Children and divorce are two things that over 50 percent of all parents have to deal with. Getting through a divorce is going to be hard on kids no matter if they are two or twenty-two, however, there are steps that you can take as a parent to make their transition easier to do. The steps you take will need to be age appropriate and child appropriate, as no two kids are the same and no two kids respond to the challenges of divorce in the same manner.
Help My 2 Year Old Through Divorce - Step No. 1: Tell Them What's Going On
While a two year old may not understand what a divorce is, they need to be told about what is going on. This discussion needs to be direct but age appropriate. You can tell your two year old that mommy and daddy are not going to be living together any more and that things are going to be changing over the next few months. You will also want to make sure you tell your two year old that you both still love him or her and that he/she will still be a special part of both of your lives.
Help My 2 Year Old Through Divorce - Step No. 2: Keep Your Routines
To help alleviate the stress that comes with having to deal with the changes that are indicative of divorce, you need to try and keep your daily routines for things like waking up and going to bed. These routines will help your two year old to know what to expect each day regardless if they are at your house or at their other parent's house..

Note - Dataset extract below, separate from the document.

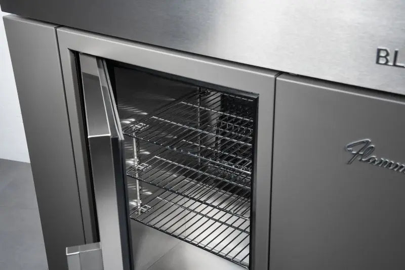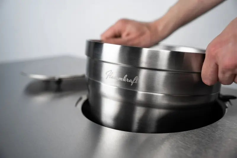 Den solida arbetsytan i 4 mm borstat rostfritt stål rymmer både iskylare och generösa arbetsytor, och hela modulen är byggd för att matcha kvaliteten och formspråket i Flammkrafts premiumsortiment. Tack vare de dolda hjulen är BLOCK B lätt att flytta, samtidigt som höjdjusterbara fötter ger stabilitet när den står på plats.

Help My 2 Year Old Through Divorce - Step No. 3: Remember to Have Fun
While a divorce is a time when you are going to feel miserable, you can help your two year old to make it through the divorce healthier and happier by setting aside time each week to just have fun together. Go to the park, play games, read stories, go for a bike ride or do some other activity that they like to do. This will help to relieve stress and to reinforce your bond.
Help My 2 Year Old Through Divorce - Step No. 4: Argue in Private
One mistake that parents make when they are getting divorced is to argue with their soon-to-be ex-spouse in front of their kids. When you have a young child, like a two year old, you need to do your best to keep them out of the firing line when it comes to your arguments and negative feelings towards your ex. Try not to discuss the divorce with your ex in front of them and try not to talk badly about them in front of your kids.